# Quantifier problems of equations in physics

Equations in physics are often written without quantifiers. For instance, from time to time we can see the equation $$E = mc^2$$ is casually written down.

I am wondering shouldn't it be written rigorously as something like: For all $E$ in a given range of values and all $m$ in a given range of values, we have $E =mc^2$? If not, then logically the equation $E = mc^2$ is sometimes valid and sometimes invalid as $E, m$ run through their given ranges, so that one cannot use "$E = mc^2$" to express what it is intended to mean.

Then how does one incorporate this phys-mathematics writing style, as illustrated in the beginning, with the authentic mathematical writing style, as illustrated in the second paragraph, in the sense of logical rigor?

• @Jim Oh thanks. Then would you please help me make the question more physics? Thanks so much. – Megadeth Aug 22 '14 at 15:26
• @Jim: Oh I found there is probably a misunderstanding between us! Somehow the first version of my question make you under the impression that my use of "universal" refers to physical universality. Indeed I mean mathematical universality! Please see the edited version!! – Megadeth Aug 22 '14 at 15:36
• Shouldn't it really be $E:m\to\mathbb R$? Or $m\mapsto mc^2$? That is, $m$ has a range and $E$ is some value given $m$. – Kyle Kanos Aug 22 '14 at 16:36
• Ah Thank you so much. Owing to my shallow understanding of physics, I do not know whether the dependent one or the independent one was intended. But, if there is a function carrying every $m$ to exactly one $mc^2,$ then $E$ is called the functional value of this function at $m$. – Megadeth Aug 22 '14 at 17:05
• @Kyle Kanos: And even in functional case, in authentic math. writing one would say either "the function $E = mc^2$" or "For every $m$ there is exactly one $E$ such that $E = mc^2$". Still quantifier problem there. Leaving an equation alone such as writing $z = x+y$ is logically meaningless. For the truth value of "$z=x+y$" is not fixed; as $x, y, z$ varies the truth value of "$z=x+y$" varies. – Megadeth Aug 22 '14 at 17:17

Excellent points you make. All true too. The written statement you gave is the way one should understand the rest-energy equation. To reconcile the fact that $E=mc^2$ is not always true when $E$ is the total energy (or rather, rest and kinetic energy), we write the full form of the energy equation, which is generally true: $$E^2=m^2c^4+p^2c^2$$ where $p$ is the momentum of the object.

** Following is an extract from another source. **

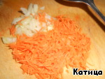 Морковь нужно натереть на мелкой терке, лук нарезать мелкими кубиками.

That way, the logical statement you have written is easily visible. When the object is static, or at rest, its momentum $p=0$ and we recover the famous $E=mc^2$.

In general, this is the same for most physics equations. There is usually an always-true, larger form equation whenever there is a famous sometimes-true equation.

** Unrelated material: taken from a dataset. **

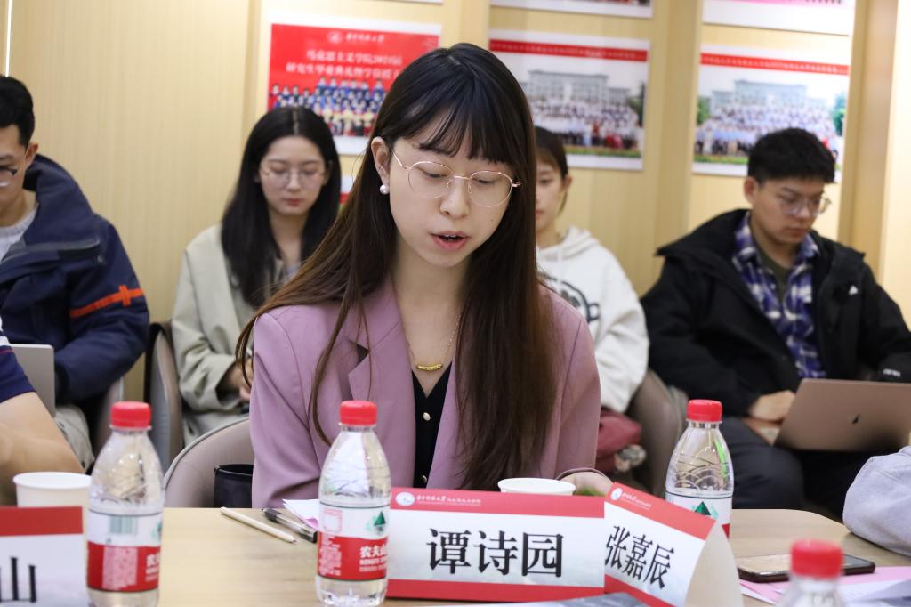 2022級碩士研究生譚詩園從人文理念、專業(yè)態(tài)度和長遠目光三個方面分享了自己參與采錄工作的經驗和心得。她認為,參與口述史工作,必須秉持嚴謹?shù)膽B(tài)度,立足于立言、立德、立功的目標,在全面記錄的基礎上注重情感傳遞,確保歷史的真實性和完整性,在采錄過程中要保持專業(yè)態(tài)度,對老戰(zhàn)士抱有尊重和耐心。同時,她認為應將課題組對口述資料的采錄與整理成果融入思政課,增強教育的實效性和感染力,幫助學生了解和銘記這段歷史,激發(fā)愛國情懷,傳承革命精神。

In terms of specifying the range of applicability, we write that in after an equation. Example: $$E=mc^2,\quad 0\le m<20M_{Pl}$$ this would indicate that the equation $E=mc^2$ is only valid for all values of $m$ that are non-negative and are less than 20 Planck masses. Usually, however, values like mass are assumed to have the restriction that $m\ge0$ as usually negative mass doesn't make sense. Additionally, this is just an example; there is no upper limit on the mass value for that equation.

• Back in the 70s we were taught the equation $E = mc^2$ is always true with $m$ being the relativistic mass. Your equation would have been written $E^2=m_0^2c^4+p^2c^2$. – John Rennie Aug 22 '14 at 15:38
• Thank you so much, Jim. But it was my fault that I failed to express myself clear enough. Would you mind taking a look at my comment left under the question? – Megadeth Aug 22 '14 at 15:39
• @JohnRennie It is rather usual to write $m_0$ without subscript and call it just "mass". Especially in most advanced physics. – firtree Aug 22 '14 at 15:41
• Ah, yes. Thank you so much. To be honest, since this question is soft, so intrinsically it cannot be completely answered. Especially for the question "how to incorporate phys-mathematics style with authentic math. style". But the answer is real inspiring. – Megadeth Aug 22 '14 at 15:52

Physics literature is, usually, not strict in using mathematical rigour. The overlap of mathematics and physics is mathematical physics, and people in mathematical physics are usually found in mathematics rather than physics departments. If you look at papers published in journals in this field, like e.g. Comm.Math.Phys, J.Math.Phys., Lett. Math.Phys., ... you can expect to find physical arguments treated with mathematical precision, and the statements of proposition and theorems therein are at the level of rigour you may expect from a mathematical text.